In this paper, we study the tagSNP selection problem on multiple populations using the pairwise r(2) linkage disequilibrium criterion. We propose a novel combinatorial optimization model for the tagSNP selection problem, called the minimum common tagSNP selection (MCTS) problem, and present efficient solutions for MCTS. Our approach consists of three main steps including (i) partitioning the SNP markers into small disjoint components, (ii) applying some data reduction rules to simplify the problem, and (iii) applying either a fast greedy algorithm or a Lagrangian relaxation algorithm to solve the remaining (general) MCTS. These algorithms also provide lower bounds on tagging (i.e. the minimum number of tagSNPs needed). The lower bounds allow us to evaluate how far our solution is from the optimum. To the best of our knowledge, it is the first time tagging lower bounds are discussed in the literature. We assess the performance of our algorithms on real HapMap data for genome-wide tagging. The experiments demonstrate that our algorithms run 3 to 4 orders of magnitude faster than the existing single-population tagging programs like FESTA, LD-Select and the multiple-population tagging method MultiPop-TagSelect.
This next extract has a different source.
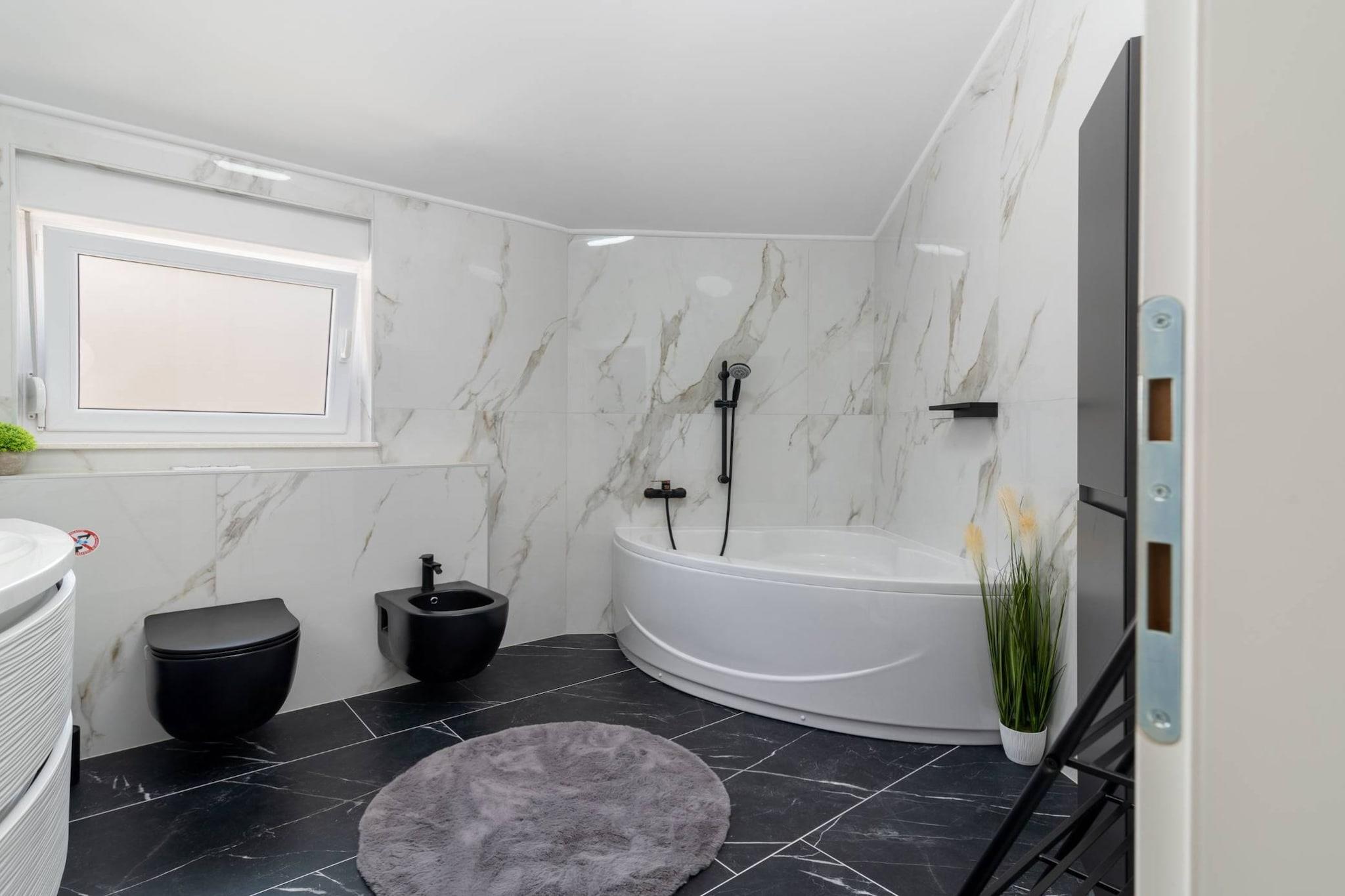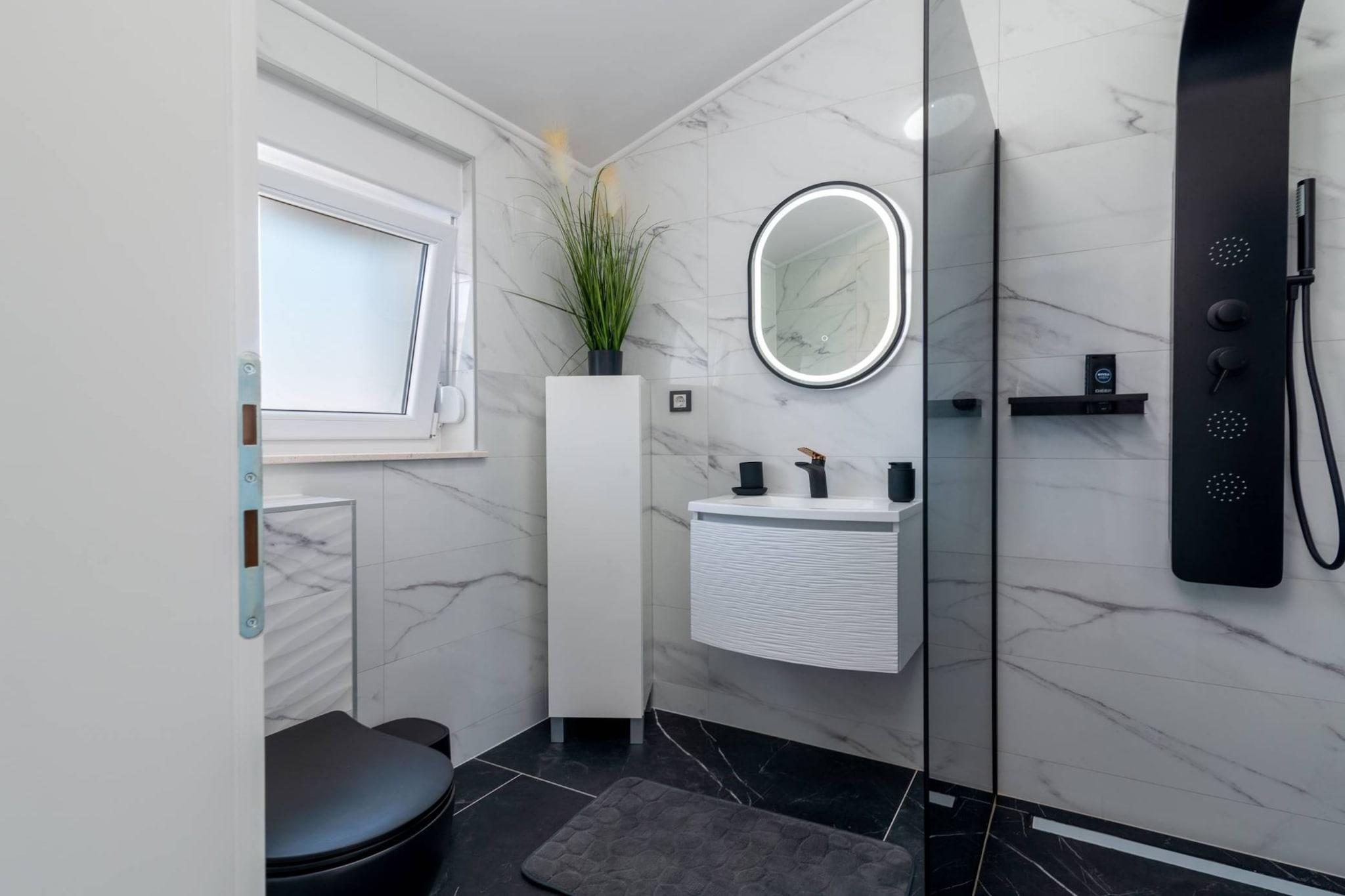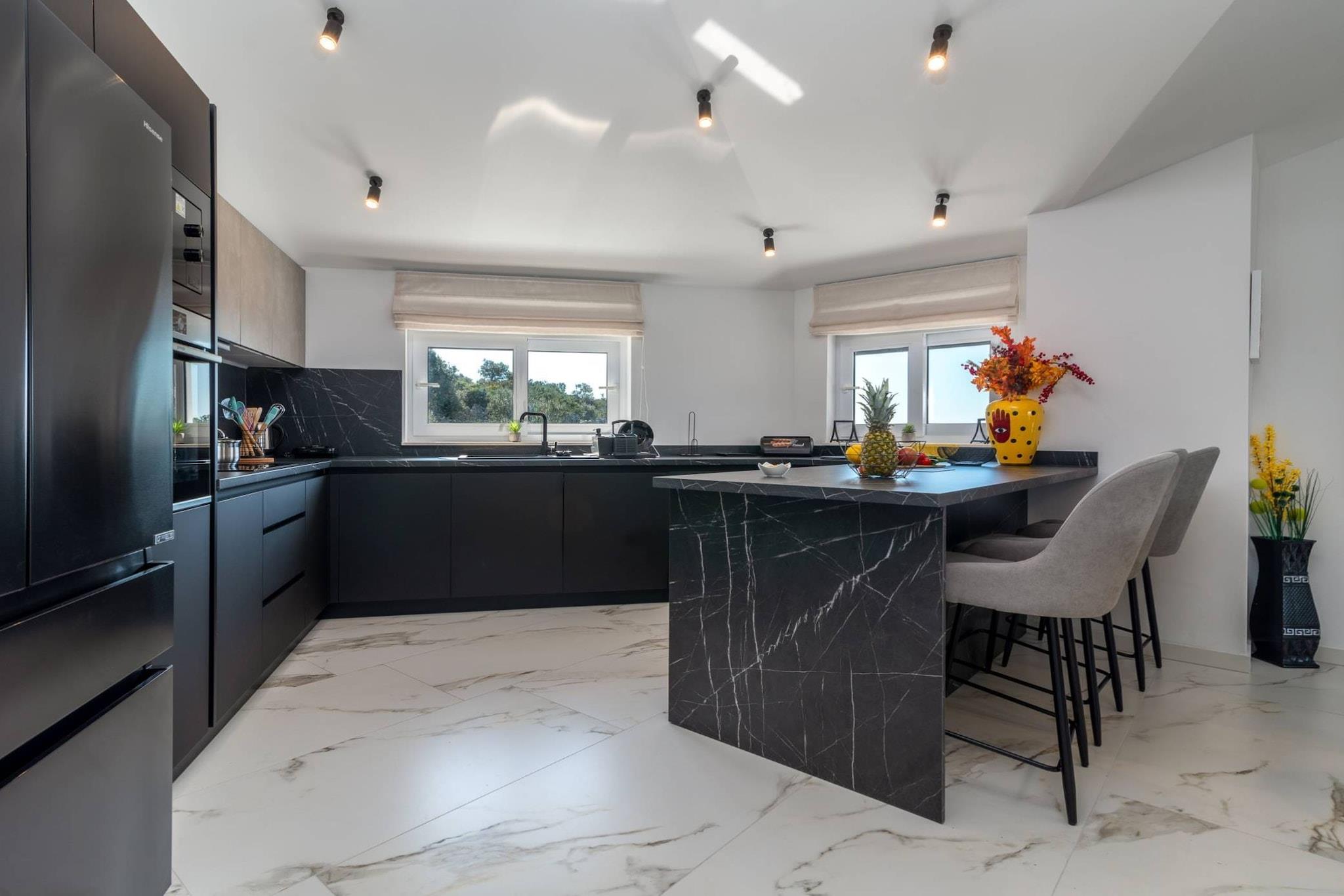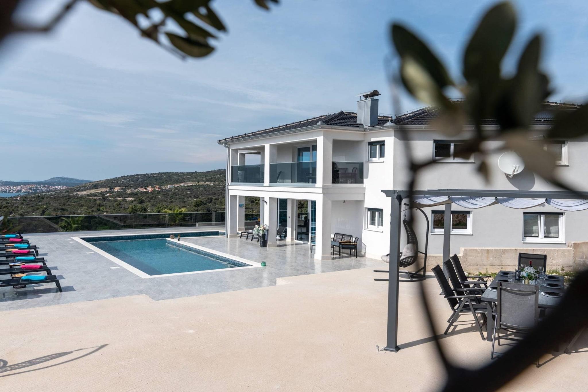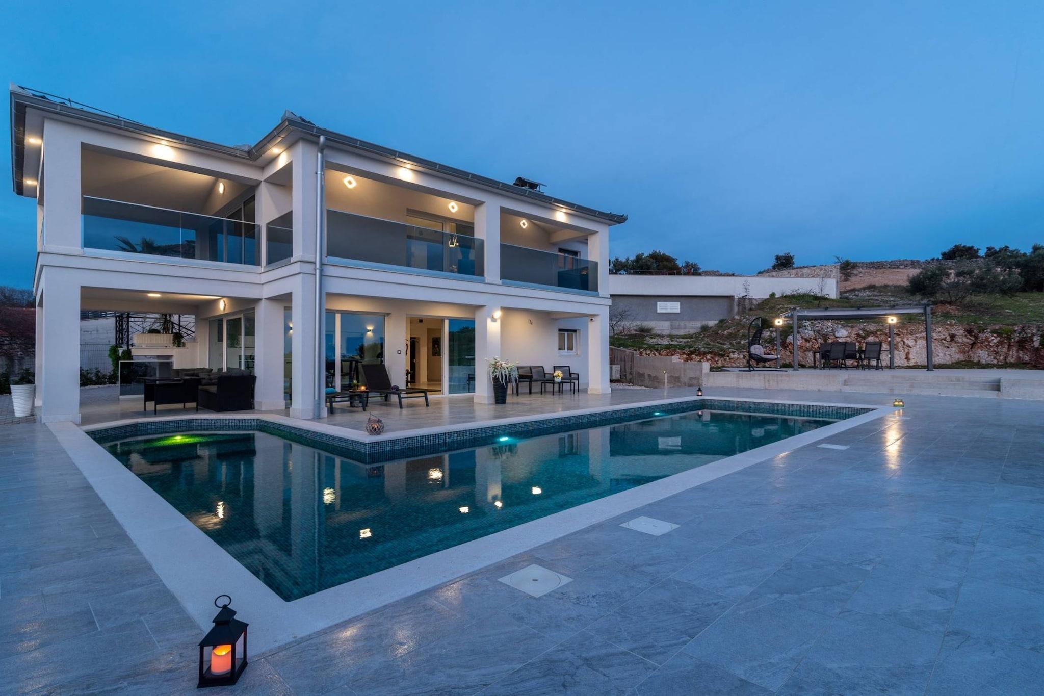 Luminous Infinity Villa is a luxurious rental property located in Rogoznica, a picturesque coastal town in Split-Dalmatia County, Croatia. Known for its stunning views of the Adriatic Sea, this villa combines modern amenities with an elegant design, making it an ideal destination for relaxation and leisure.Luminous Infinity Villa in Rogoznica offers a unique blend of luxury, comfort, and breathtaking views, making it an ideal choice for travelers looking to experience the beauty of Croatia's Dalmatian coast. Note: Baby cot is available on request. Pets are not allowed. Private parking, reservation is not required. Free Wi-fi is available throughout the property. This six-bedroom can accommodate up to twelve guests. It features a TV and is combined with a living room and kitchen. The private bathroom is equipped with a shower and toilet. Thanks to its excellent location, everything you'll need for your vacation is just a short walk away from the property. Grocery stores-4.08 km , cafes and restaurants—1.30 km . The beach is 1.16 km away from the property. The airport is 24 km away from the property.

Our method also greatly reduces the required tagSNPs compared to LD-Select on a single population and MultiPop-TagSelect on multiple populations. Moreover, the numbers of tagSNPs selected by our algorithms are almost optimal since they are very close to the corresponding lower bounds obtained by our method.
基于连锁不平衡准则的全基因组标记snp选择算法。
本文利用配对r(2)连锁不平衡准则研究了多种群的标签snp选择问题。针对标签snp选择问题,我们提出了一种新的组合优化模型,称为最小共同标签snp选择(MCTS)问题,并给出了MCTS的有效解决方案。我们的方法包括三个主要步骤,包括(i)将SNP标记划分为小的不连接的组件,(ii)应用一些数据约简规则来简化问题,以及(iii)应用快速贪婪算法或拉格朗日松弛算法来解决剩余的(一般)MCTS。这些算法还提供了标签的下限(即所需的标签snp的最小数量)。下界允许我们计算解离最优解的距离。据我们所知,这是文献中第一次讨论标注下界。我们评估了我们的算法在全基因组标记的真实HapMap数据上的性能。实验表明,我们的算法运行速度比现有的单种群标记程序(如FESTA, LD-Select和多种群标记方法MultiPop-TagSelect)快3到4个数量级。与单种群的LD-Select和多种群的MultiPop-TagSelect相比,我们的方法也大大减少了所需的tagsnp。此外,我们的算法选择的标签snp数量几乎是最优的,因为它们非常接近我们的方法得到的相应下界。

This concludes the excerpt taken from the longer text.